Cambodia to rename key highway after Donald Trump for brokering peace deal
 
Michael Leidig
- Published
- News

Cambodia is considering renaming its busiest trade route, National Highway 4, in honour of Donald Trump, following the U.S. president’s role in brokering a ceasefire with Thailand. The proposal, first suggested by state journalist Soy Sopheap and publicly backed by Deputy Prime Minister Sun Chanthol, comes as Prime Minister Hun Manet nominates Trump for the 2025 Nobel Peace Prize
Cambodia is set to rename its most important highway after President Donald Trump following his role in peace negotiations with neighbouring Thailand.
The U.S leader has become a hero figure in the impoverished Southeast Asian nation after stepping in to broker a ceasefire in the face of bloody clashes with the Thai military last month.
The renaming idea was first raised by prominent state journalist Soy Sopheap, who has close ties to the ruling Cambodian People’s Party and runs the pro-government network Deum Ampil.
Sopheap suggested naming the highway after Trump during discussions with American documentary maker Michael Alfaro, who has been filming a series on regional politics.

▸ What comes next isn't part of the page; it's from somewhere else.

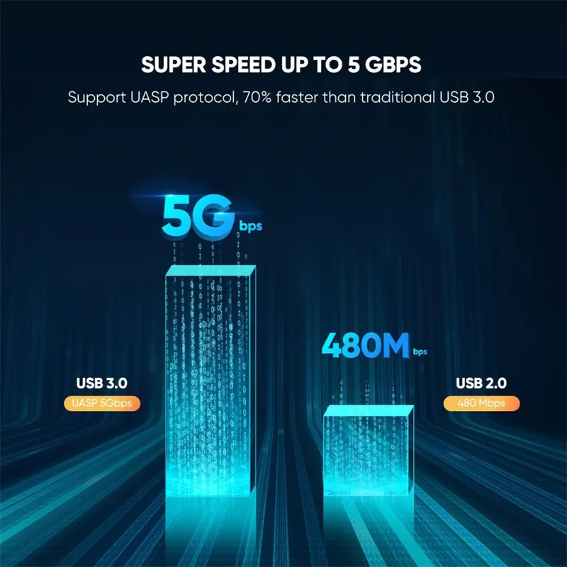 • USB 3.0 & UASP Accelerated: Transfer 1GB file in 3 seconds. The SATA interface of this enclosure supports UASP accelerated transmission protocol, 70% faster than traditional USB 3.0. The USB 3.0 A interface supports up to 5Gbps transfer rate, also backward compatible with USB 2.0 and USB 1.1 ports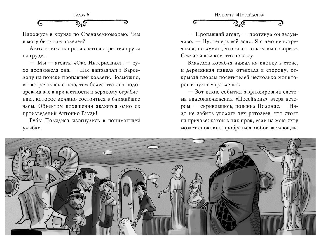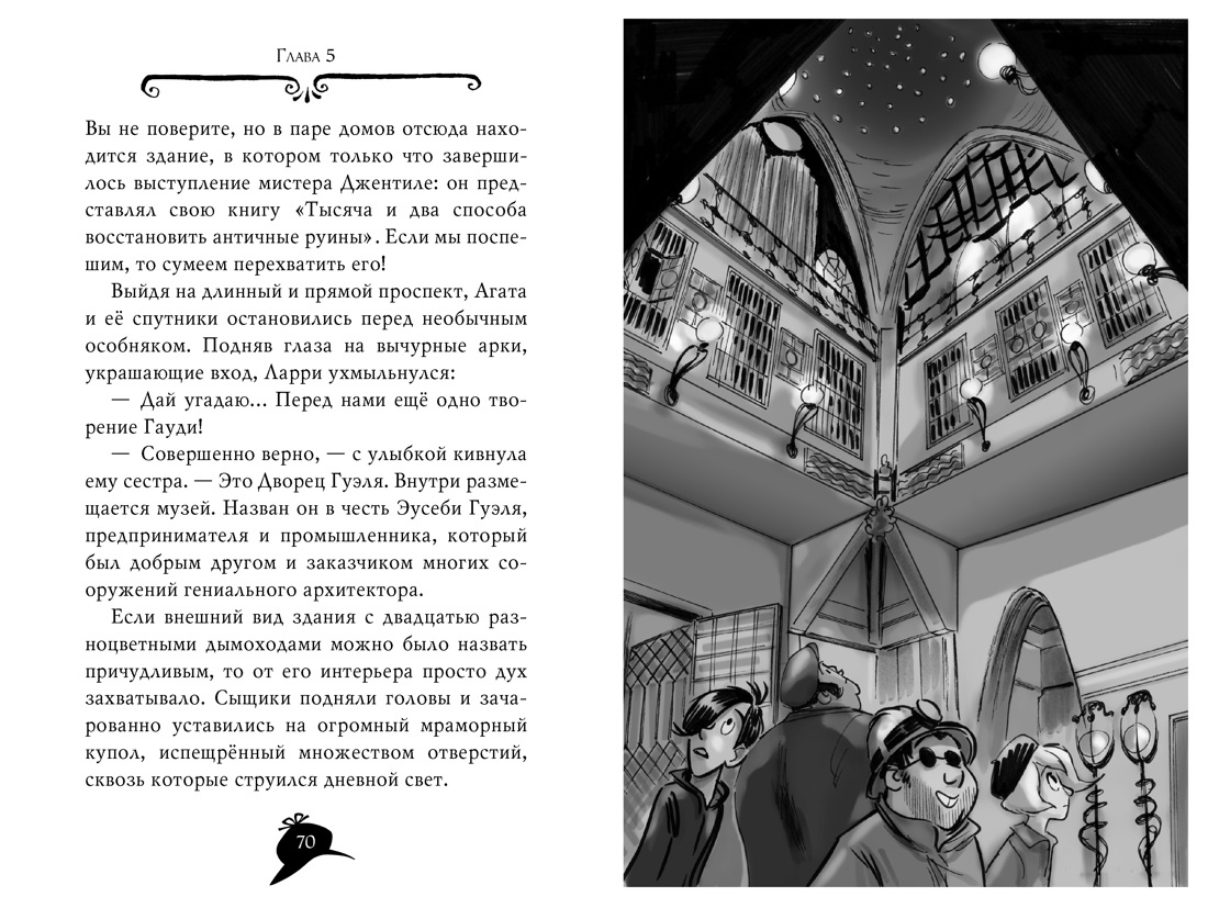 Наделённая потрясающим чутьём и феноменальной памятью, Агата Мистери мечтает стать писательницей. Но это в будущем, а пока она просто превосходная сыщица! Вместе со своим незадачливым кузеном Ларри, студентом детективной школы, она путешествует по миру, чтобы решать самые запутанные загадки. А помогают им преданный дворецкий, вредный сибирский кот и множество чудаковатых родственников. В один ненастный день накануне сложного экзамена Ларри Мистери получает неожиданное и совершенно секретное поручение от своего преподавателя в школе детективов. Чтобы выполнить задание, он должен отправиться в Барселону, где никогда не был, встретиться там с человеком, которого никогда не видел, и передать ему пакет, содержимое которого ему неизвестно. Помощь в таком непростом деле никогда не помешает, а кто лучше Агаты, будущей знаменитой писательницы детективных романов, разбирается во всяких хитросплетениях и загадках? А загадки начинают сыпаться на друзей сразу же по прибытии в прекрасный город на испанском побережье, знаменитый архитектурными шедеврами Антонио Гауди. И один из этих шедевров находится в нешуточной опасности, которую наши герои просто обязаны предотвратить!| Издательство | Азбука |

In a later video in which Alfaro interviews Deputy Prime Minister Sun Chanthol in Phnom Penh, Sopheap himself does not appear on screen. Instead, Sun and Alfaro refer to him by name, crediting him as the originator of the proposal. Sun explicitly endorses Sopheap’s suggestion during the conversation, signalling that the idea had already been circulating behind the scenes and was now being placed on record.
Sun Chanthol, who also serves as Cambodia’s Minister of Public Works and Transport, told Alfaro: “I think it would get a lot of support within the country, so Soy Sopheap is going to push for that, and hopefully that will be realised soon. The movement in the country would see a lot of support, really in the social media, but it would have to go through formalities, to get approval from the prime minister and so on and so forth.”
If approved, Cambodia would become the first country outside the United States to rename a national highway after President Trump.
The road in question, National Highway 4, runs 230 kilometres (140 miles) from Phnom Penh to the coastal port of Sihanoukville. It was originally built with American support between 1959 and 1969, when Washington was locked in Cold War rivalry with Moscow and Beijing for influence in Southeast Asia. Today it remains the country’s busiest trade artery, linking the capital to the deep-water port that has become Cambodia’s economic lifeline.
The renaming initiative is part of a broader wave of official praise for the US president. Prime Minister Hun Manet, who took over leadership from his long-ruling father Hun Sen last year, has formally nominated Trump for the 2025 Nobel Peace Prize. In a letter sent to the Norwegian Nobel Committee on August 7, Hun Manet lauded Trump’s “extraordinary statesmanship” in helping to defuse a dangerous confrontation with Thailand.
The fighting had erupted on July 24 near the Ta Muen Thom temple, an ancient Khmer site along the Cambodian-Thai border claimed by both nations. The skirmishes escalated rapidly into heavy artillery exchanges. Eleven Thai civilians were killed when shells landed on the Thai side of the frontier. In retaliation, the Thai air force launched F-16 strikes on Cambodian military positions, with bombs falling close to a UNESCO-listed heritage site.
Over the following days, dozens of civilians and soldiers from both countries were reported killed. Villages emptied as terrified families fled, and thousands of refugees were forced into makeshift camps on both sides of the border.
With fears growing of a wider war, President Trump intervened directly. Backed by U.S State Department envoys, he telephoned Hun Manet and Thai Prime Minister Paetongtarn Shinawatra, urging restraint. Trump then convened an emergency teleconference, during which the two leaders agreed to a ceasefire monitored by observers from the Association of Southeast Asian Nations (ASEAN).
The ceasefire has largely held, with artillery pulled back and cross-border trade resuming. Trump declared the outcome “a victory for peace,” while Cambodian state media praised him as the man who saved the region from a deeper conflict.
Soy Sopheap’s role as the first to suggest immortalising Trump on Cambodia’s most vital highway has been heavily promoted in domestic coverage. Although absent from Alfaro’s footage, his influence is front and centre, with Deputy Prime Minister Sun Chanthol openly attributing the idea to him on camera. That moment effectively moved the proposal from private discussion into the public and political sphere.
For Hun Manet’s government, embracing Trump has both symbolic and strategic value. It offers a counterbalance to criticism that Cambodia is too dependent on China, while also appealing to grassroots nationalism at home. On social media, pro-government pages have been filled with memes and posters hailing Trump as “a friend of Cambodia.”
If the plan is approved, the road from Phnom Penh to Sihanoukville may soon be known worldwide as Trump Highway, a gesture that underlines how one of the world’s poorest nations has embraced an American president as a peacemaker and protector.